I have no idea what it can be but, every time i let off the gas from accelerating. my break and clucth have a slitght vibration. And when i let got of the gas i hear a click / bang sound and you can feel it in your foot. I dought its the electronic DV with the spacer in it making the vibration which is located pretty close to it. But does anyone have any idea what this vibration / bang noise is in my gas and clutch pedals?


----------



## spitpilot (Feb 14, 2000)

*Re: MKV Gas/Break Pedal vibration (m4v3r1ck)*

I can't imagine what would cause that..something loose?...You mentioned aftermarket parts..those touching something they shouldn't?







Hope you get to the bottom of this..would make me nervous to have noises goin on around brake pedal! I want that to be silent but verrrrrrrry effective! I like to drive quick, but safe and that means brakes that really do the job! http://****************.com/smile/emthup.gif


----------



## m4v3r1ck (Jan 21, 2009)

I know lol. I started after i started driving my car again after loosing my license for a month. But i have no idea what would have happened within those 30 days


----------



## PSBds07 (Sep 12, 2007)

*Re: (m4v3r1ck)*

Hey, did you ever resolve your vibration issue?
I have a MKIV GTI, and have a similar deal. Moderate vibration in the pedal (not steering wheel) whenever I ease off the throttle. The more the throttle is open, the less vibrations I feel. No sounds / clicking though.
I just installed new coil packs and spark plugs, so Im thinking its a engine timing issue.


----------



## phxgli (Jun 14, 2008)

*Re: (PSBds07)*

Make sure that your intake is not resting on the brake reservoir this has cause vibration in my brakes before


----------



## PSBds07 (Sep 12, 2007)

*Re: (m4v3r1ck)*

Hey, did you ever resolve your vibration issue?
I have a MKIV GTI, and have a similar deal. Moderate vibration in the pedal (not steering wheel) whenever I ease off the throttle. The more the throttle is open, the less vibrations I feel. No sounds / clicking though.
I just installed new coil packs and spark plugs, so Im thinking its a engine timing issue.


----------



## PSBds07 (Sep 12, 2007)

*Re: (PSBds07)*

***ah, sorry for the double post.
My wheel was loose from the lug nut holes being cross threaded. Sounded like a bad CV almost, was wheel vibration. 5 min fix to re-tap the holes.


----------



## GTijoejoe (Oct 6, 2001)

*Re: (PSBds07)*


_Quote, originally posted by *PSBds07* »_***ah, sorry for the double post.
My wheel was loose from the lug nut holes being cross threaded. Sounded like a bad CV almost, was wheel vibration. 5 min fix to re-tap the holes.

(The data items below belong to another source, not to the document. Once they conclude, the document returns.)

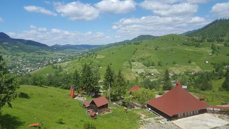 Keywords: Sadova Romania landscape2.jpg Sadova Romania Buildings belonging to a hotel Pensiunea Steaua Nordului can be seen at the bottom 2016-06-08 10 46 14 own Jan Pešula other versions 47 558888888889 25 501388888889 cc-zero Sadova Suceava
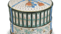 色絵 釣鐘 香炉 日本色絵 釣鐘 香炉 X Facebook はてブ LINE Pinterest コピー 2023.04.302024.01.26 色絵 釣鐘 香炉 Incese burner in the shape of temple-bell, enamelled wareHeight 16.6cm Umezawa Kinen-kan Museum高さ16.6cm 胴径11.3cm 三脚 梅沢記念館 釣鐘を形どった香炉で、龍頭を鈕にした上部が蓋になっています。 型抜きの浮文で乳頭文様があらわされていますが、同裾に剣酢漿草の家紋があらわされています。初期乳白手風の柔らかい磁胎などから推測して、寛文以前の作ですと考えられます。
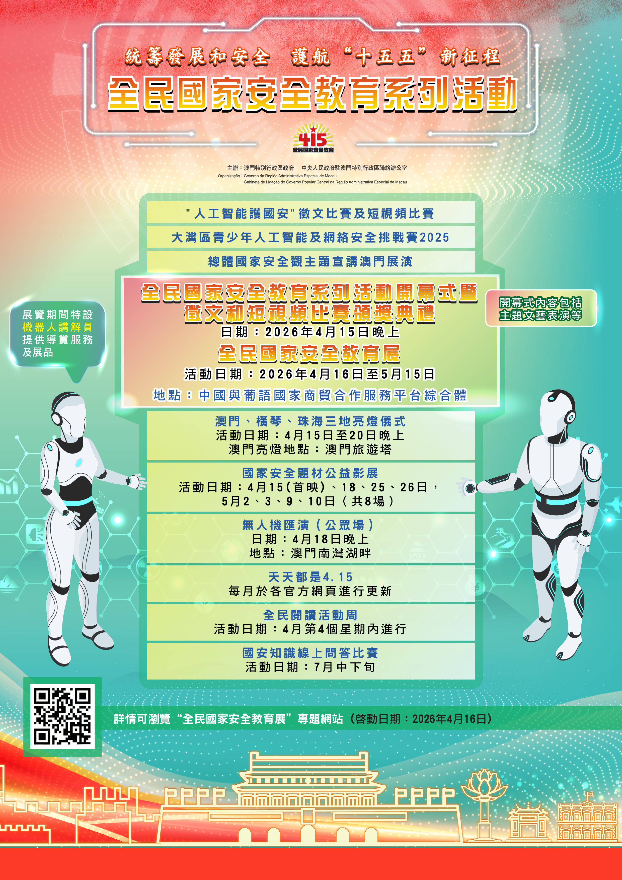 為貫徹落實總體國家安全觀,增強全民國家安全意識,澳門特別行政區政府與中央人民政府駐澳門特別行政區聯絡辦公室今年繼續合辦“全民國家安全教育系列活動”。本屆活動以“統籌發展和安全 護航‘十五五’新征程”為主題,透過多元化的宣傳教育與互動體驗,推動國家安全理念深入社會各階層。
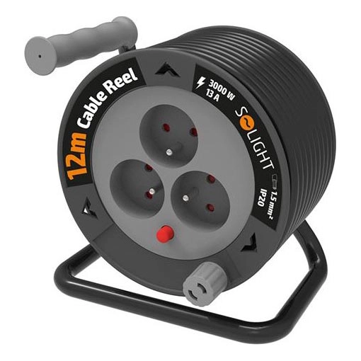 Solight PB24 - prailginimo kabelis ritėje, 3 lizdai, 12 m | Lempumanija

Did someone get a little too happy with an impact gun?
For any other pedal vibration, check to see if you can wiggle the pedals by hand....if thats not it, then there is some frequency going through your fire wall to make them vibrate, look for anything contacting


----------



## m4v3r1ck (Jan 21, 2009)

ya i still have the problem. I can here a click sound sometimes wen i let of the gas or let of the clutch


----------